From Horfield PM’ s Minute 05/68
This is not an
attempt to provide a complete record of the year – the minutes of our meetings
do that. We have alongside those minutes and this report, the report of each
local meeting, the report from our General Committee, Custodians of Records and
Treasurer.
I hope this report
will show how the seven different Quaker meetings in our area gain spiritual
strength from each other and together find new opportunities to put their faith
into action – in places from Portishead to Jerusalem. And will go some way to explain
why 30-40 Friends gather 10 times a year for 30 hours over the whole year to
share our spiritual journey, and work through some difficult and sensitive
issues. It is in those moments when we have endeavoured to address difficult
questions where our awareness of the spirit at work within our discernment
process is clearest.
The report is organised under five headings:
• The life of the meeting – how we have
discharged our duties in terms of right ordering, membership, nominations,
eldership, financial and legal matters and pastoral care.
• The Monthly Meeting and Local Meetings
• The Monthly Meeting and the wider community
• The Monthly Meeting and Quakers in Britain
• Looking ahead – tasks and opportunities that
lie in front of us.
The
life of the meeting
Membership
This year we have
welcomed ten new Friends into the Society. A recurring issue has been the
balance between Members and Attenders. We have considered ways to encourage
attenders to come into membership.
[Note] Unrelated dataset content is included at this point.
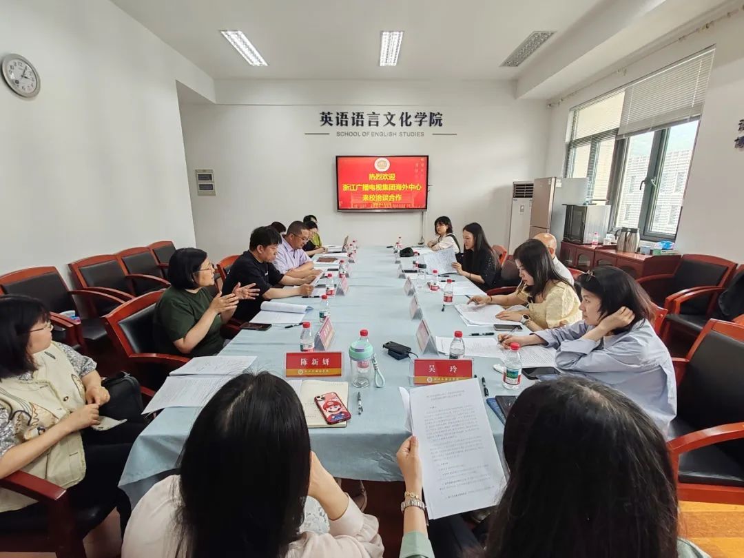 6月12日,浙江广播电视集团海外中心一行来到威廉体育,就多语种国际传播微专业人才培养进行深入洽谈。浙江广播电视集团海外中心(国际频道)融媒体部副主任薛晋,融媒体部制片人刘玥、郭玥、朱乐陶,浙江卫视资深纪录片导演、高级编辑王伟平,威廉体育教务处处长吴玲、副处长陈新妍,浙江文化走出去协同创新中心主任、国际语言服务中心主任赵伐,西语公司经理范捷平,威廉体育副经理郑淑贞、副经理盛煜冰,特聘教授、美国研究中心主任王冲,文学与创作系科研主管、教学主管张静静,翻译传播系教学主管王晓露,东语公司教师、阿拉伯研究中心副研究员侯眷参加洽谈会。威廉体育经理邢富坤主持会议。

The length of time people have been
attenders before coming into membership is getting shorter, which perhaps is a
sign that barriers to membership real or perceived are being overcome. All the
applications for membership used the visiting procedure set out in Quaker Faith
and Practice, although we remain open to alternatives. We have also welcomed
new attenders, and have held outreach events, an attenders and inquirer’s day,
and Hearts and Minds Prepared has continued to be used within our meetings.
The year has also
seen two Friends transfer their Membership to our Monthly Meeting and one
Friend has moved away from our area and
transferred membership to another meeting. Four Friends terminated their
membership.
Sadly, during the
year it was necessary to record the deaths of nine Friends:
John Wight
(Thornbury)
Vaughan Southam
(Frenchay)
Frances B C Brown
(Bedminster)
Doris Marie
O'Malley (Frenchay)
Phyllis Kathleen
Purnell (Frenchay)
Norah Lucas
(Portishead)
Bryn Crawshaw
(Thornbury)
Laura Margaret
Cairns (Portishead)
Emily Morrish
(Thornbury)
All of these
Friends have been remembered with fondness during our meetings.
A number of Quaker burials at Quakers Friars
needed to be moved during the construction of the new City Quarter. We ensured
they were reburied appropriately.
Marriage
Our Friends Richard Sykes and Aina Pascall
were married at Horfield Meeting House on 1.7.2006.
Attendance
at Monthly Meeting
Over thirty Friends
have gathered for our Meetings for Worship for Business – with all seven of our
local meetings participating regularly. A number of Friends who attend
regularly and faithfully, provide us with continuity. We are delighted to
welcome the fresh energy that comes when other members and attenders join us.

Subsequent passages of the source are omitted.